Records excerpted from a collection
══════════════════════════════

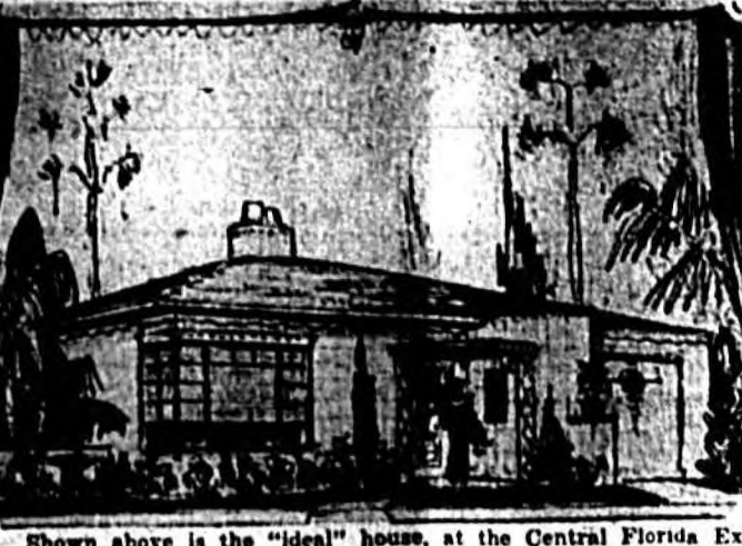
Shown above is the "ideal" house, at the Central Florida Exposition in Orlando. While the fair is in progress, Feb. 21-Mar. 1, this will be one of the features at the fairground. Each night a Spring Style Show will center around this house, as models will walk out from it, through the auditorium, on elevated platforms, displaying latest styles for fallfrogs. The style show is free.
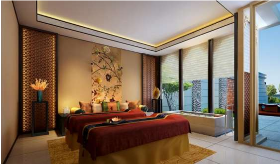
Treatment room of Sanctuary Pool Villa.
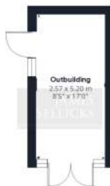
Floor 1 Building 2
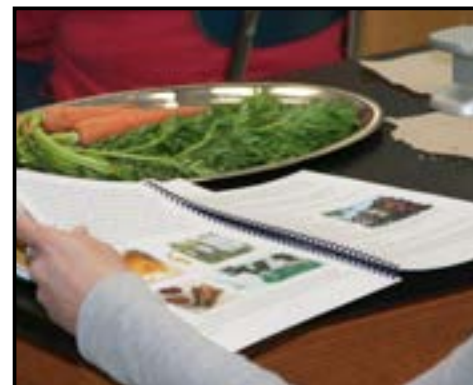
Elementary teachers needed to review MAC Lessons during February and April Vacations.

During the year 2015, MAC will add twenty-four additional web-based lessons representing the diversity of agriculture across the state – three new lessons for each grade from first through fourth and nine lessons for grade five and six. Each lessons will provide agricultural background content, classroom activ-
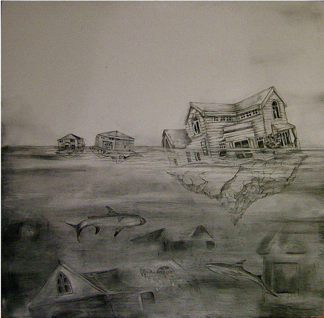
Figure 13 The Last Tipping

══════════════════════════════

Output every entry verbatim. Pictures do not belong in the copy.

Shown above is the "ideal" house, at the Central Florida Exposition in Orlando. While the fair is in progress, Feb. 21-Mar. 1, this will be one of the features at the fairground. Each night a Spring Style Show will center around this house, as models will walk out from it, through the auditorium, on elevated platforms, displaying latest styles for fallfrogs. The style show is free.
Treatment room of Sanctuary Pool Villa.
Floor 1 Building 2
Elementary teachers needed to review MAC Lessons during February and April Vacations.

During the year 2015, MAC will add twenty-four additional web-based lessons representing the diversity of agriculture across the state – three new lessons for each grade from first through fourth and nine lessons for grade five and six. Each lessons will provide agricultural background content, classroom activ-
Figure 13 The Last Tipping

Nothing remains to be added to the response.